National Council of Social Service

Agency overview
- Formed: 1 May 1992; 34 years ago
- Preceding agency: Singapore Council of Social Service;
- Jurisdiction: Government of Singapore
- Headquarters: 170 Ghim Moh Road #01-02 Ulu Pandan Community Building Singapore 279621
- Ministers responsible: Masagos Zulkifli, Minister for Social and Family Development and Second Minister for Health; Desmond Lee, Minister-in-charge of Social Services Integration;
- Deputy Ministers responsible: Sun Xueling, Minister of State for Social and Family Development; Eric Chua, Senior Parliamentary Secretary for Social and Family Development;
- Agency executives: Gregory Vijayendran, Chairman; Lim Shung Yar, CEO;
- Parent Ministry: Ministry of Social and Family Development
- Child agencies: Social Service Institute; Community Chest;
- Website: www.ncss.gov.sg
- Agency ID: T08GB0034K

= National Council of Social Service =

The National Council of Social Service (NCSS) is a statutory board under the Ministry of Social and Family Development of the Government of Singapore. The organization was formerly known as the Singapore Council of Social Services (SCSS).

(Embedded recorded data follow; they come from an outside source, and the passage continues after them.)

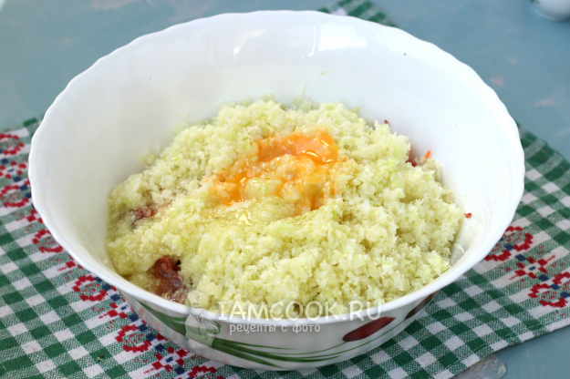 Далее добавить измельчённую капусту с луком, затем яйцо.
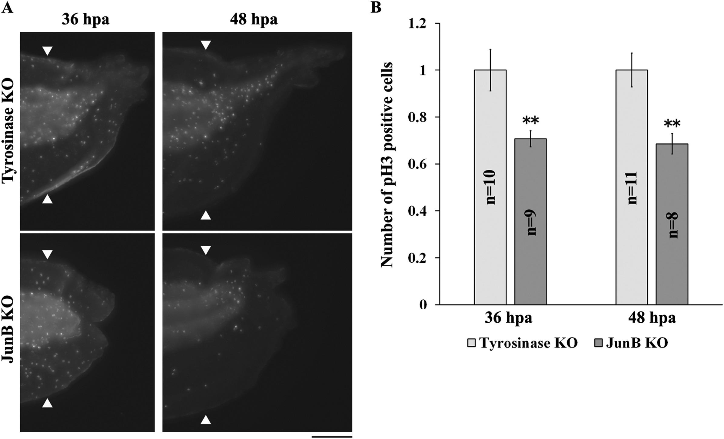 Fig. 3. Knockout of junb reduces cell proliferation. (A) Whole-mount immunostaining of junb KO tadpoles with pH3 antibody at 36 and 48 hpa. (B) Quantification of pH3 positive cells in the region of regenerating tail, excluding the fin. The number of pH3 positive cells was divided by individual area, and normalized against control samples. White arrowheads indicate the amputation plane. Scale bar: 200 μm. **P < 0.01, Studentâs t-test.
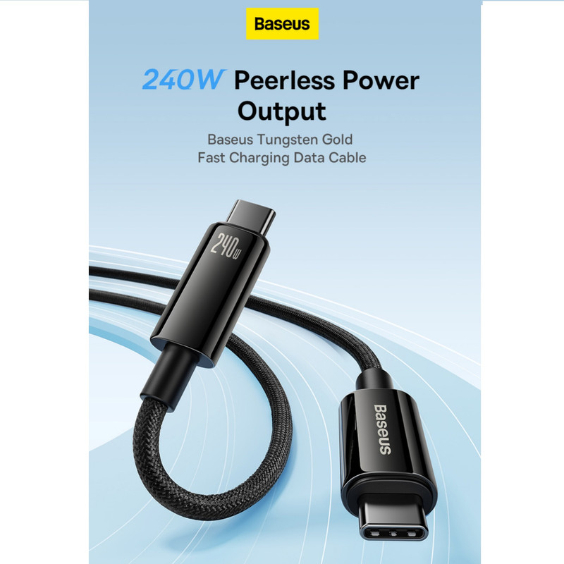 کابل شارژ TYPE-C به TYPE-C باسئوس ( baseus) فست شارژ مدلTUNGSTEN GOLD 240W باگارانتی 24 ماهه آونگ
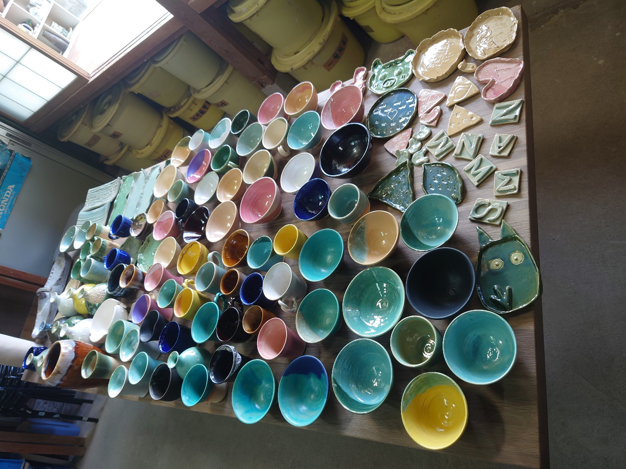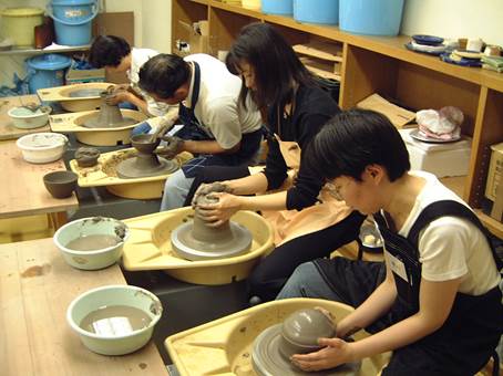 ろくろが4台、手びねり用のテーブルが2台(8人掛け)を御用意しています。
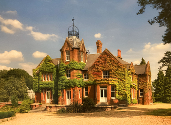 '1868. Large, of dark red brick, in a style perhaps fondly imagined to be Elizabethan. A square tower with gables on four faces, topped with a wrought-iron gazebo. On the north side of the house, a fine free-standing [orangery] with transepts, clerestory, and central turret.'
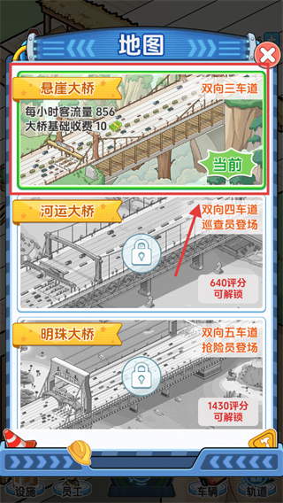 1、經營【懸崖大橋】,憑【856】客流量、【10】基礎收費積累收益與評分,解鎖后續大橋。
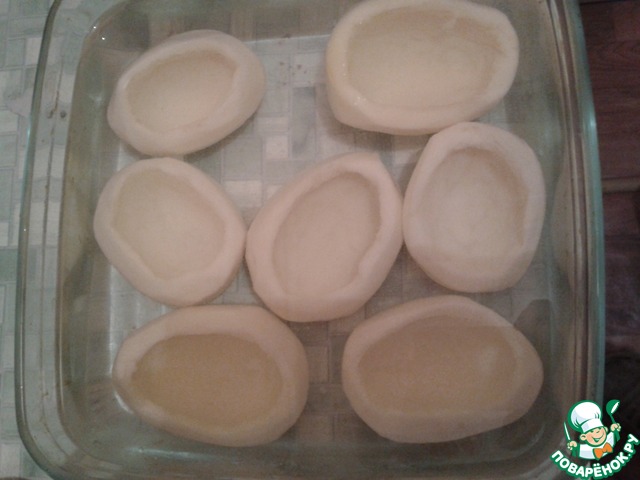 Из сырого картофеля вырезаем серединку, стенки стараемся оставлять как можно тоньше. И кладем в воду.
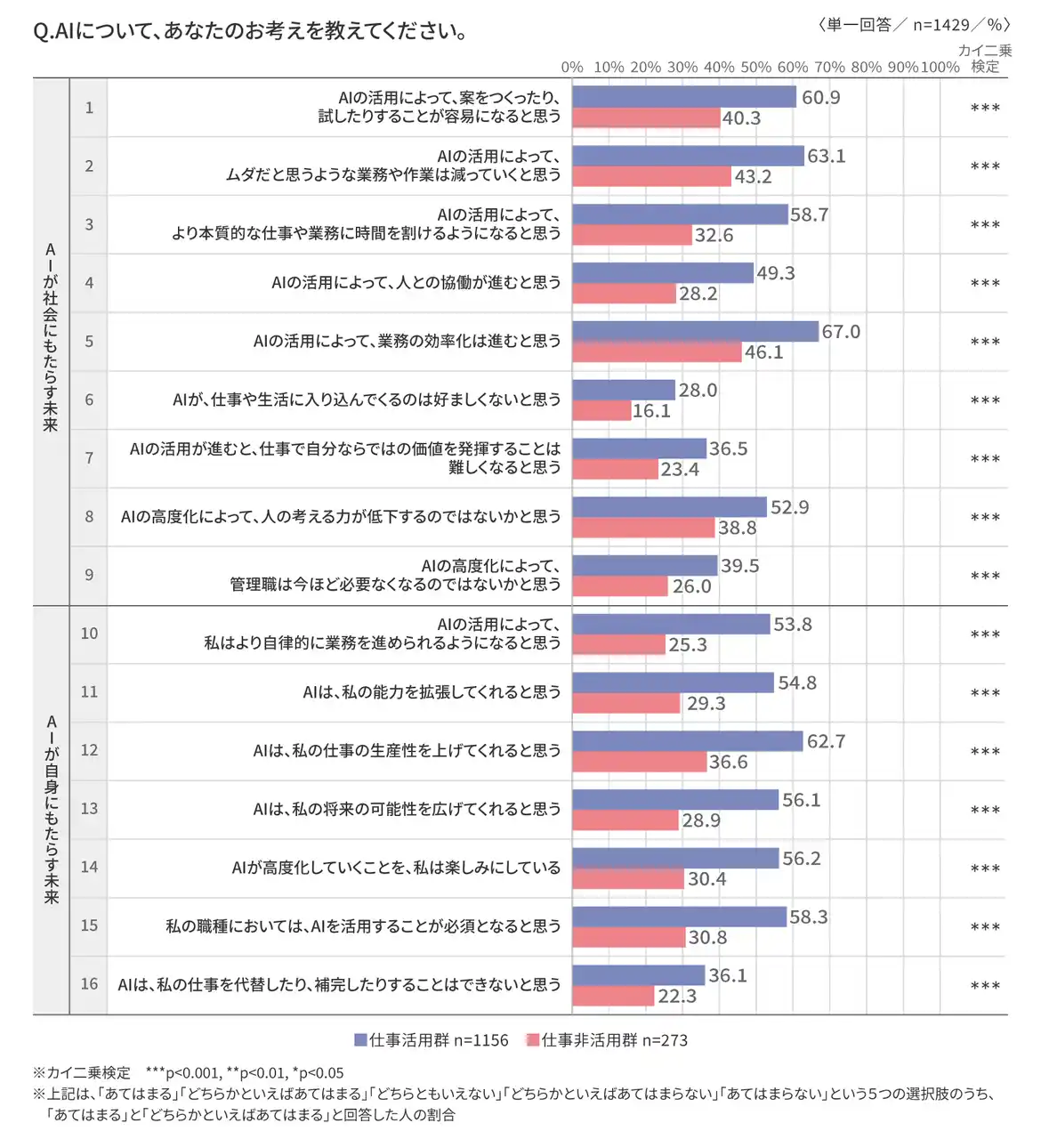 仕事活用群はAIのもたらす未来をポジティブに捉える一方、危機感も抱いている |
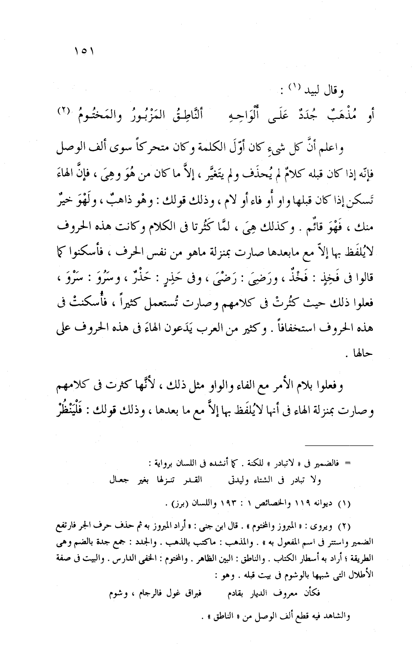 واعلم أن كل شيءٍ كان أول الكلمة وكان متحركاً سوى ألف الوصل فإنه إذا كان قبله كلامٌ لم يحذف ولم يتغير، إلا ما كان من هو وهي، فإن الهاء تسكن إذا كان قبلها واو أو فاء أو لام، وذلك قولك: وهو ذاهبٌ، ولهو خيرٌ منك، فهو قائمٌ. وكذلك هي، لما كثرتا في الكلام وكانت هذه الحروف لا يلفظ بها إلا مع ما بعدها صارت بمنزلة ما هو من نفس الحرف، فأسكنوا كما قالوا في فخذٍ: فخذٌ، ورضي: رضى، وفي حذر: حذرٌ، وسرو: سرو، فعلوا ذلك حيث كثرت في كلامهم وصارت تستعمل كثيراً، فأسكنت في هذه الحروف استخفافاً. وكثير من العرب يدعون الهاء في هذه الحروف على حالها.

The organisation is the national coordinating body for Social Service Agencies (SSAs) in Singapore. SSAs are non-profit organisations that provides welfare or social service to vulnerable or disadvantaged groups in Singapore, and in 2018 were renamed from the term Voluntary Welfare Organisations (VWOs).

SSAs are members of NCSS. A SSA is therefore not a legal structure (they can be registered as societies or companies limited by guarantee), but a classificatory category used to describe a subset of voluntary organisations in the business of providing direct welfare services.

The Social Service Institute and the Community Chest are part of the National Council of Social Service.